My mother and mother-in-law were appalled and my husband was overwhelmed.
It was a few weeks later that we realized I had had no celebration for my first Mother’s Day, and I confess to feeling a bit miffed at having missed it. It seemed like such a right of passage to me at that time. Dave made up for it the following year but my feelings about the crap storm of that first one hung on for years.
Fast forward a few years when the internet is new and telling us all how much we would be pampered on this day, brunches and gifts, flowers and candy, relaxation and appreciation. I have to say that mostly that didn’t happen. I was the one cooking brunch for the mothers (his and mine) and buying the gifts and coordinating the day all while wrangling a passel of babies and toddlers. It was just one more day with a lot of extra work thrown in.

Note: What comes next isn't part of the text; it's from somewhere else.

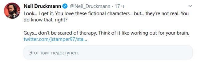 «Понимаю. Вы любите этих вымышленных персонажей, но… они не настоящие. Вы же это знаете? Ребята, не бойтесь терапии. Посмотрите на это, как на тренировку для вашего мозга», - отметил Дракманн.

I was always feeling neglected and cheated. Then I felt guilty for feeling that way because, after all, I had everything I ever wanted, a loving husband, a nice house, and beautiful children. What the heck did I have to feel angsty about?
When the unspeakable happened and we lost our oldest son Mother’s Day became kind of a nightmare of grief for me because it often fell on or near his birthday, which is May 11th. It brought on a flood of memories of his birth, his birthday parties, his First Holy Communion (received on his birthday), and just all the missing type feelings. I learned to cope with that and we tried to make it a happy day. For a few years, we would go out to the cemetery, plant or leave some flowers, and then go out to lunch in Ryan’s memory, first with the children and then, after a while, just us.
In a profound act of compassion and kindness, our parish’s music director at the time started dedicating the spring concert to Ryan’s memory right around his birthday. Since almost all of my children were participating it became a beautiful way to remember him with my family and my parish family.
The concert is tonight if you are local. Coordinated by one of my daughters who is now the music director of the parish.